A 67-year-old female presented with a several month history of painless enlarging right periorbital growths. Examination showed multiple nontender subcutaneous nodules superior to the right eyebrow. Magnetic resonance imaging and incisional biopsy confirmed subcutaneous marginal zone B-cell lymphoma of mucosa-associated lymphoid tissue (MALT). Subcutaneous involvement sparing the epidermis is a rare presentation in patients with prior noncutaneous marginal zone lymphomas. Recent studies have demonstrated that subcutaneous dissemination is associated with MALT lymphoma of the breast and ocular adnexa. Systemic workup is therefore critical in patients who present with subcutaneous MALT lymphoma. Radiation therapy has proven to be effective in cutaneous marginal zone B-cell lymphomas.

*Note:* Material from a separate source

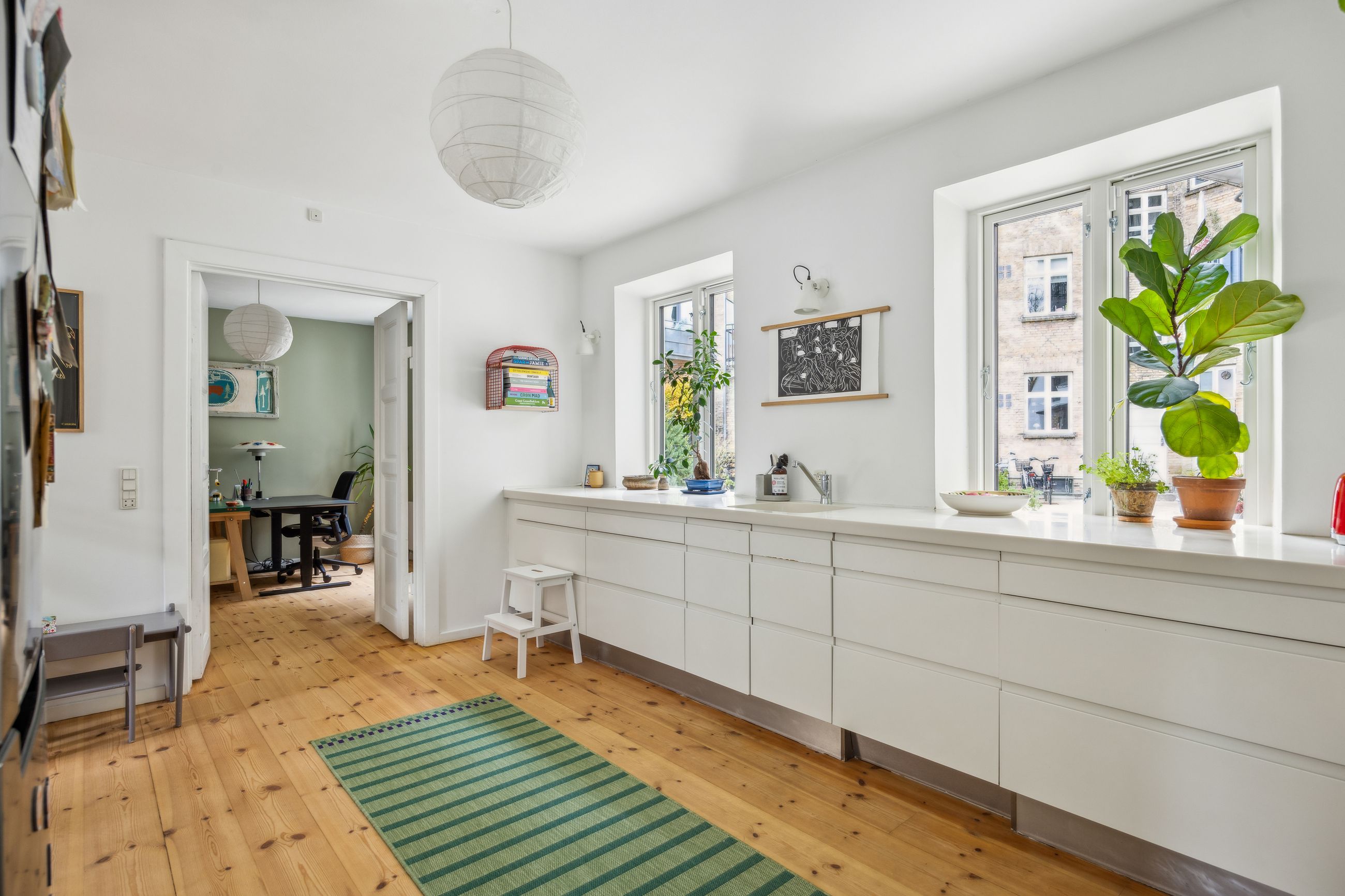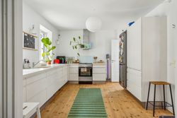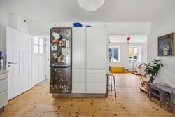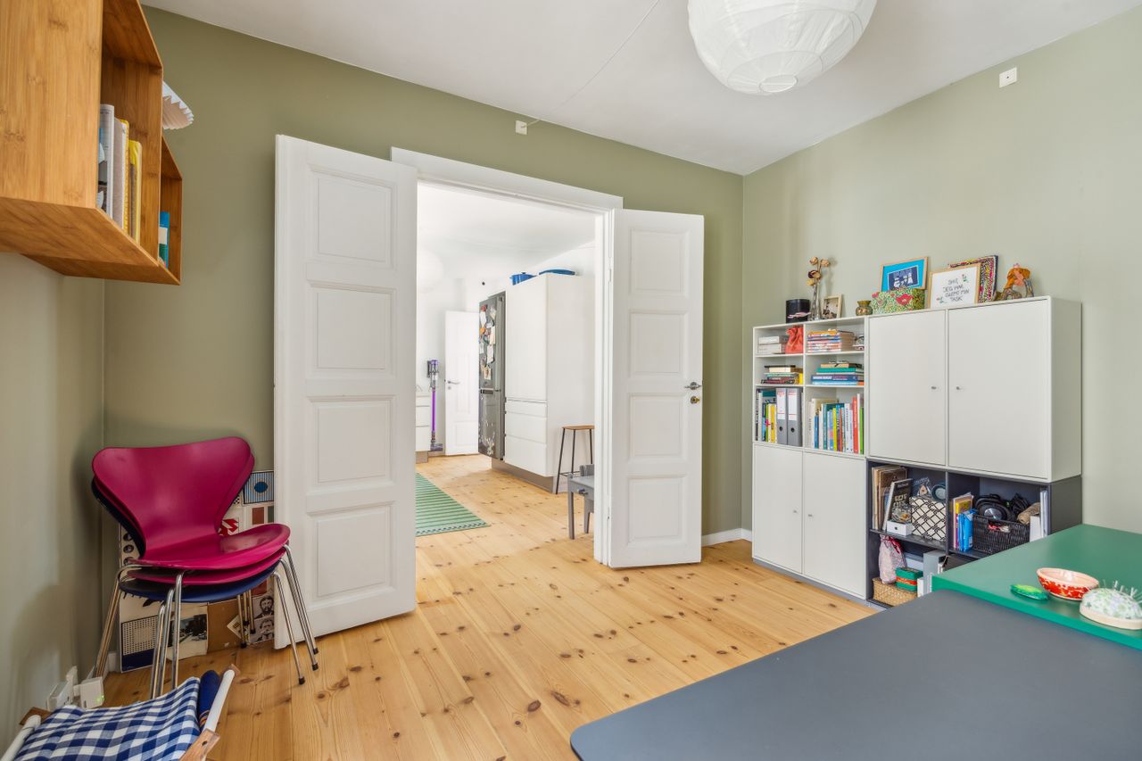 Den venlige atmosfære og den smagfulde indretning byder jer velkommen i stueplan, hvor I finder et fantastisk opholdsmiljø med delvist åben forbindelse mellem stuen og køkkenet. Det store HTH-køkken er lækkert indrettet med grebsfrie elementer samt en eksklusiv Corian-bordplade, der sætter prikken over i’et, og her er rigelig plads til at have børnene med i køkkenet. Samtidig har I udsigt til stuen, som strækker sig syv meter i længden og dermed giver plads til at samle hele familien! Til stueplan hører også et stort badeværelse, stort soveværelse og slutteligt et mindre teknikrum, der med fordel kan bruges som kontor. Herfra er også adgang til andelsboligforeningens gårdmiljø.

Keywords: Lymphoma, mucosa-associated lymphoid tissue, subcutaneous


How to cite this article:
DeMaria LN, Iacob CE, Shinder R. Lymphoma presenting as subcutaneous periorbital nodules. Clin Dermatol Rev 2018;2:81-2

How to cite this URL:
DeMaria LN, Iacob CE, Shinder R. Lymphoma presenting as subcutaneous periorbital nodules. Clin Dermatol Rev [serial online] 2018 [cited 2018 Nov 18];2:81-2. Available from: http://www.cdriadvlkn.org/text.asp?2018/2/2/81/236341


  Introduction Top


Marginal zone B-cell lymphoma of mucosa-associated lymphoid tissue (MALT) has a propensity for extranodal organs due to interactions of mucosal structures such as α4 β7 integrins with endothelial venules.[1] Primary cutaneous marginal zone B-cell lymphoma (PCMZL) is a low-grade MALT lymphoma that originates in the skin without extracutaneous disease and represents 10% of cutaneous lymphomas.[2] Most present as multifocal lesions on the trunk and extremities but uncommonly (~10%) in the head and neck region, which is a contrast from cutaneous follicle center lymphomas.[3] An association with Borrelia burgdorferi infection has been investigated, with antibiotic use having a mixed effect on the regressions of lesions.[4]


  Case Report Top


A 67-year-old female with a past history of only well-controlled hypertension presented with a several month history of painless enlarging right periorbital growths. She denied any past similar lesions or any history of cancer. Examination showed multiple nontender subcutaneous nodules superior to the right eyebrow [Figure 1]a. Magnetic resonance imaging confirmed the superficial location of the lesions [Figure 1]b. Since the differential diagnosis was broad including both benign and malignant entities; a biopsy was suggested. Incisional biopsy revealed a dense infiltration of the dermis by monotonous small lymphocytes [Figure 1]c that stained with CD20 and CD43 [Figure 1]d confirming a diagnosis of extranodal marginal zone B-cell lymphoma of MALT. Systemic workup with full body positron emission testing was negative, and radiation therapy is currently planned.
Figure 1: (a) Clinical photograph demonstrating multiple subcutaneous nodules superior to the right eyebrow. (b) Axial T-1 weighted orbital magnetic resonance imaging confirming subcutaneous location of lesions (green arrow). (c) Histopathology of biopsy specimen demonstrating small monotonous lymphocytes infiltrating the dermis (H and E, ×400) with strong staining for CD43 (d), (×400)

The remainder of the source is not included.